Metadata-Version: 2.4
Name: gomokubench
Version: 0.1.0
Summary: Benchmark frontier LLMs against a search-powered Gomoku engine.
Author: Homer Quan
License-Expression: MIT
Project-URL: Homepage, https://github.com/homerquan/GomokuBench
Project-URL: Repository, https://github.com/homerquan/GomokuBench
Keywords: gomoku,benchmark,llm,alpha-beta,minimax,cli,research
Classifier: Development Status :: 3 - Alpha
Classifier: Intended Audience :: Developers
Classifier: Intended Audience :: Science/Research
Classifier: Programming Language :: Python :: 3
Classifier: Programming Language :: Python :: 3.9
Classifier: Programming Language :: Python :: 3.10
Classifier: Programming Language :: Python :: 3.11
Classifier: Programming Language :: Python :: 3.12
Classifier: Topic :: Scientific/Engineering :: Artificial Intelligence
Classifier: Topic :: Games/Entertainment :: Board Games
Requires-Python: >=3.9
Description-Content-Type: text/markdown
License-File: LICENSE
Requires-Dist: numpy
Dynamic: license-file

# GomokuBench

GomokuBench is a search-vs-LLM benchmark for AI companies, model builders, and researchers who want a clean, reproducible way to test whether a general-purpose model can outplay a classic board-game engine.

Until 2026.4.26, no LLM in this benchmark has beaten the AI powered by search algorithm. If you find one, please share it with us.

Built for rapid model plugging, head-to-head benchmarking, and plain-language inspection of every move.
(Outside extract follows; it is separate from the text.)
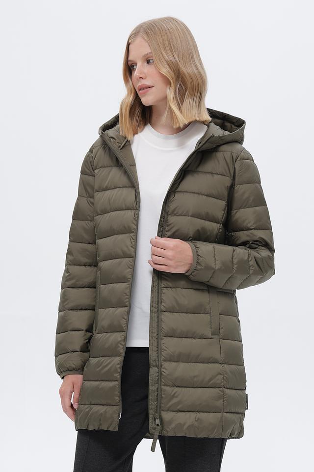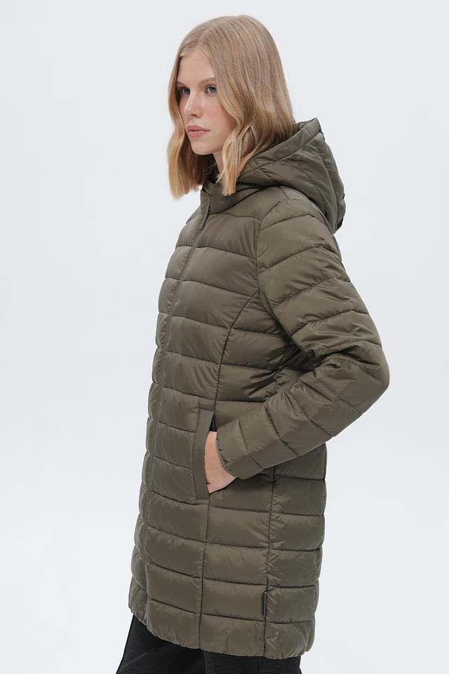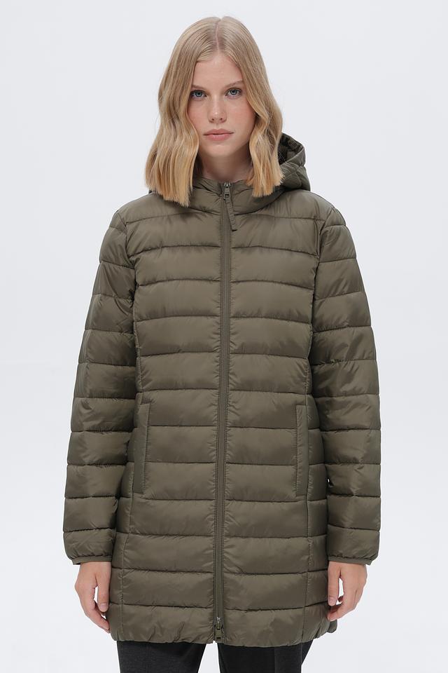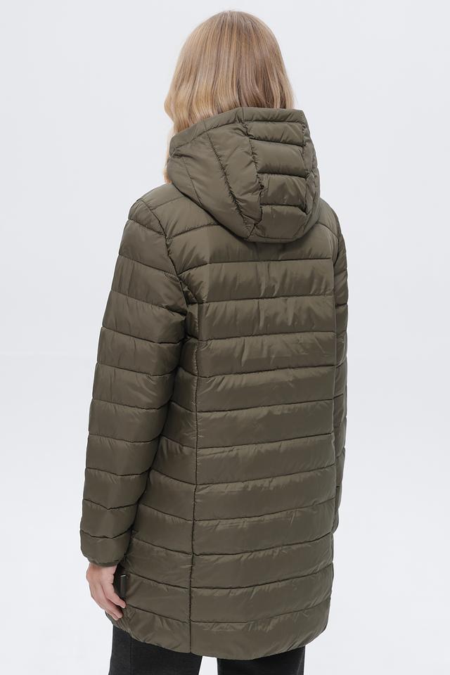 Пальто имеет стеганую структуру, капюшон и застегивается на молнию по всей длине. Два боковых кармана обеспечивают удобство хранения мелочей. Длина пальто – до середины бедра, что делает его подходящим для повседневной носки.

Author: **Homer Quan**. GitHub: [homerquan/GomokuBench](https://github.com/homerquan/GomokuBench).

## Requirements

- Python 3
- `numpy`

## Install

```bash
pip install gomokubench
```

Or install from source:

```bash
pip install .
```

## Play

```bash
gomoku play
```

Optional flags:

- `--player black|white`
- `--ai-first`

The CLI always uses a `19x19` board and AI search depth `2`.
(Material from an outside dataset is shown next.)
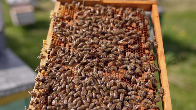 Brown honey frame covered with bees from both sides. Apiarist turns the frame in hands. Close up. Blurred backdrop. Pro Video

Moves use `x,y` with 1-based coordinates, for example `10,10`.

## Benchmark

Run an LLM against the built-in alpha-beta AI:

```bash
gomoku benchmark --model nemotron-3-super -r 10
```

To watch the rounds play out in the console while benchmarking:

```bash
gomoku benchmark --model nemotron-3-super -r 10 -v
```

What this does:

- Loads the model config from `models/nemotron-3-super.json`
- Runs 10 rounds total
- Uses balanced starts: 5 rounds with the AI moving first and 5 rounds with the LLM moving first
- Always uses a `19x19` board
- Always uses AI search depth `2`
- `-v` prints each round, move, and board state in the console
- Saves the benchmark report to `benchmarks/nemotron-3-super.json`

The benchmark report is saved as JSON and includes the summary plus per-game move logs and final boards.

## Adding Models

This repo now includes a few example model configs in the `models/` folder.
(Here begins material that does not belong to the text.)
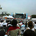 | 久々更新。元気にしてます。 ユカリエンヌにMTWBに連れてってもらいました。2004年初フェスです。 もう、お互いいい年ということで体を気遣いながら参加。 ライブ始まってみないと分からないタイムテーブルが 超私たち好みで、ヒトトヨウ見ずして夕方には帰れるという非常に有意義なライブでした。 アジカン→音ちっちゃかった?客の盛り上がりなさにとまどいつつ、へぼかっこよいかったです。 エゴラッピン→ヨシエちゃんの声すげーパワフル。客引きまくりでおもろかった。 ユキちゃん→楽しみにしてたけど、ヨシエちゃんとりんごさんの間に挟まれて印象薄い。 東京事変→一番かっこよかった!りんごさん歌うますぎ。衣装も動きもかわいい。音もおしゃれで高級チック。 リップスライム→スペシャルゲスト!楽園ベイベー!ラッキーでした。テンション上がりました。満足して帰宅。 全景 テロリスト 隠し撮り!*ゴロリ転がってみる稲妻は感動しました。 *ミーハーして、アジカンのリストバンドを購入してしまいました。今年1回はつけるぞ! *すげーCDももらえたし、パインうまかったし。 *帽子の下にタオル挟むの快適。 *暑かったり他の客の文句など言ったものの、非常にたのしい2004年フェスの幕開けでした。 *音楽のあう友達といくフェスはたのしいし楽だね、ユカリエンヌ。 実はその後、急遽焼き鳥デート。私臭いまま。 また髪ぱつんぱつんに切ってました。似合ってない具合が非常によろしい。 |

You can add another model by creating a new JSON config that uses an OpenAI-compatible chat completions API format.

In general:

- add a new config file under `models/`
- point it at an OpenAI-compatible `baseURL`
- set the remote `model` name
- add any required API key env var to `.env`

Examples in this repo include Ollama-compatible, Hugging Face Router, and OpenRouter model configs.